Tenho vindo a investigar o que poderá ser a oportunidade de criação de riqueza mais significativa desta década, e tudo se resume à inteligência artificial a transformar indústrias inteiras até 2035. Os números são impressionantes—estamos a falar de o mercado de IA potencialmente explodir de cerca de $270 mil milhões hoje para mais de $5 triliões nos próximos dez anos. Isto não é hype; é o tipo de mudança estrutural que cria riqueza de geração em geração.



Aqui está a questão, no entanto: a maioria das pessoas pensa que os grandes vencedores serão alguma startup misteriosa de que ninguém ouviu falar ainda. Talvez. Mas enquanto esperamos que surja o próximo unicórnio, há uma jogada mais inteligente—possuir as empresas que já estão posicionadas no centro desta corrida armamentista de IA. São empresas com verdadeiras fortalezas, receitas reais e convicção genuína de investidores institucionais. Deixe-me mostrar-lhe cinco dos investimentos em IA mais convincentes que estou a acompanhar para o longo prazo.

Comece pela Nvidia. É quase cliché falar dela neste momento, mas há uma razão para todos continuarem a voltar a ela. A empresa praticamente detém a camada de infraestrutura—pense nela como fornecendo a potência bruta que alimenta todas as operações de IA a nível global. O domínio do mercado de GPUs deles situa-se em torno de 92% nos data centers, e aqui está o que é fascinante: as empresas já investiram enormes capitais na construção de toda a sua infraestrutura na ecossistema da Nvidia. Os custos de mudança são brutais. A estrutura de programação CUDA criou uma fortaleza competitiva que é realmente difícil de replicar. Uma carteira de pedidos de $500 mil milhões diz tudo o que precisa de saber sobre para onde isto se dirige.

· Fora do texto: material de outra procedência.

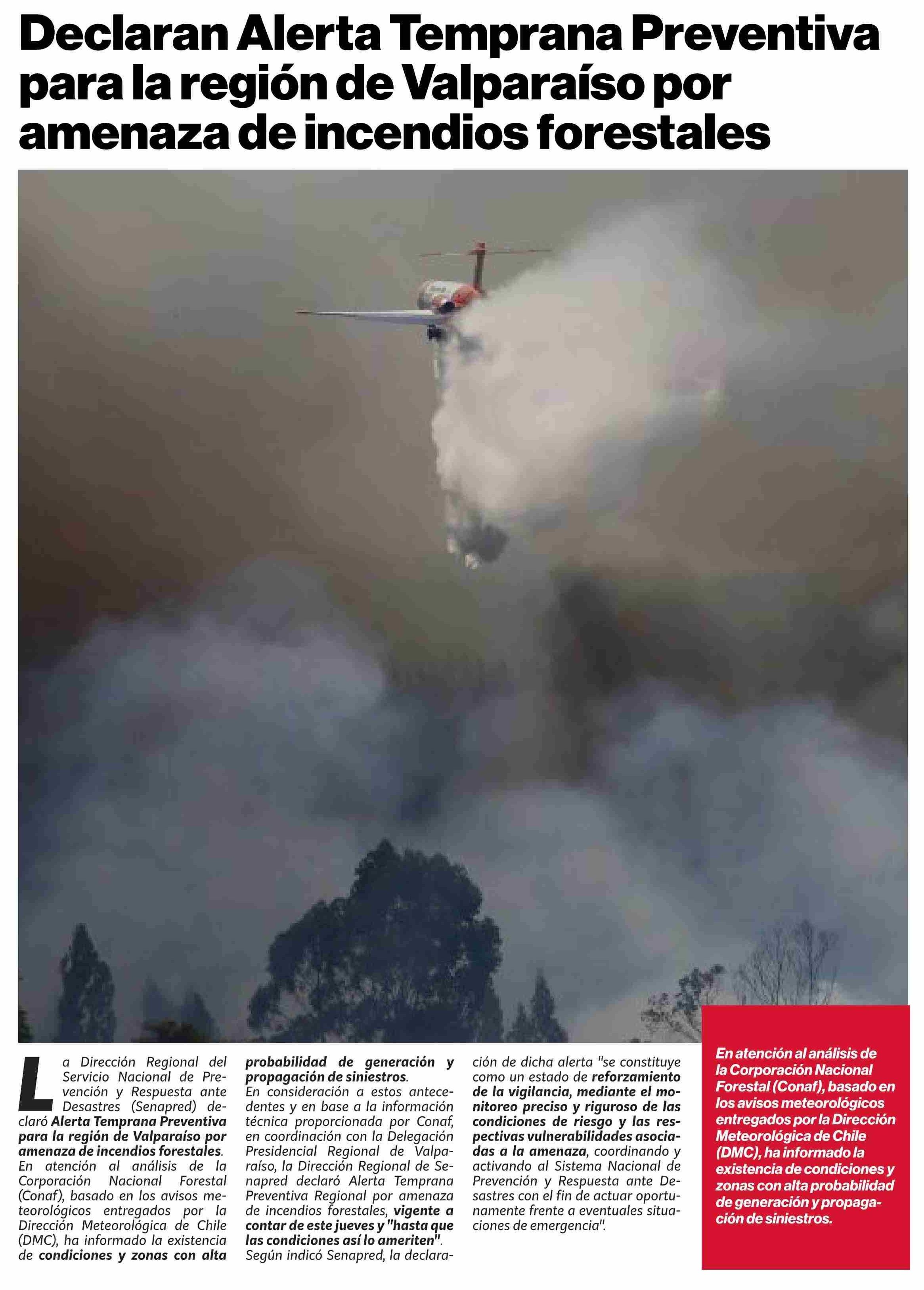 Título: Declaran Alerta Temprana Preventiva para la región de Valparaíso por amenaza de incendios forestales

Depois há a Alphabet, que a maioria das pessoas só pensa como uma empresa de motores de busca. Isso é altamente incompleto. O alcance do Google é absurdo—bilhões de utilizadores a acederem aos seus produtos diariamente, através do YouTube, Android e os seus serviços de cloud. Mas aqui está o que me chamou a atenção: eles passaram de apenas consumidores de IA. A Alphabet construiu mesmo o seu próprio chip personalizado, o TPU, treinou o seu modelo Gemini nele, e agora vende esses chips a outras empresas de IA. Também detêm uma participação significativa na SpaceX. É basicamente uma forma de obter exposição diversificada a várias narrativas de IA sem precisar de apostar em empresas específicas.

A Microsoft merece uma consideração séria se procura algo com crescimento e estabilidade incorporados. O Azure é a segunda maior plataforma de cloud a nível mundial, e à medida que as cargas de trabalho de IA explodem, esse negócio torna-se um beneficiário natural. Mas a verdadeira alavancagem aqui é a sua participação de aproximadamente 27% na OpenAI—a empresa por trás do ChatGPT. Se quisesse possuir uma parte da OpenAI sem esperar por uma IPO, a Microsoft é o seu veículo. Além disso, tem a rede de segurança dos dividendos. A Microsoft aumentou o seu dividendo durante 23 anos consecutivos, o que é importante se estiver a pensar em manter até 2035.

A jogada da Amazon é um pouco diferente, mas igualmente convincente. A AWS continua a ser o principal negócio de serviços de cloud do mundo, e a Amazon está a construir uma relação significativa com a Anthropic, uma concorrente séria da OpenAI. Investiram $8 mil milhões nessa parceria. A beleza da Amazon é que, mesmo que a IA não cumpra as expectativas, os negócios principais de comércio eletrónico e publicidade ainda têm bastante espaço para crescer. A IA é realmente apenas uma oportunidade de upside.

Por último, a Palantir Technologies representa o lado do software nesta equação. Ainda estão numa fase inicial, mas a sua plataforma focada em IA, a AIP, tem sido uma mudança de jogo tanto para clientes governamentais como corporativos. A avaliação das ações pode ser agressiva, claro, mas atualmente têm menos de 1.000 clientes. Isso representa uma oportunidade enorme de crescimento na próxima década. Para investidores pacientes, quaisquer quedas podem ser oportunidades de compra, em vez de sinais de aviso.

O quadro macro aqui é claro: os principais investimentos em IA não se resumem a escolher a próxima startup em alta. Trata-se de possuir a infraestrutura, as plataformas e as empresas com verdadeira opcionalidade em múltiplos cenários de IA. Estes cinco oferecem exatamente isso—exposição a hardware, software, cloud e apostas diretas em empresas emergentes de IA. Se estiver a pensar em 2035, estes são os tipos de posições que podem parecer muito diferentes até lá.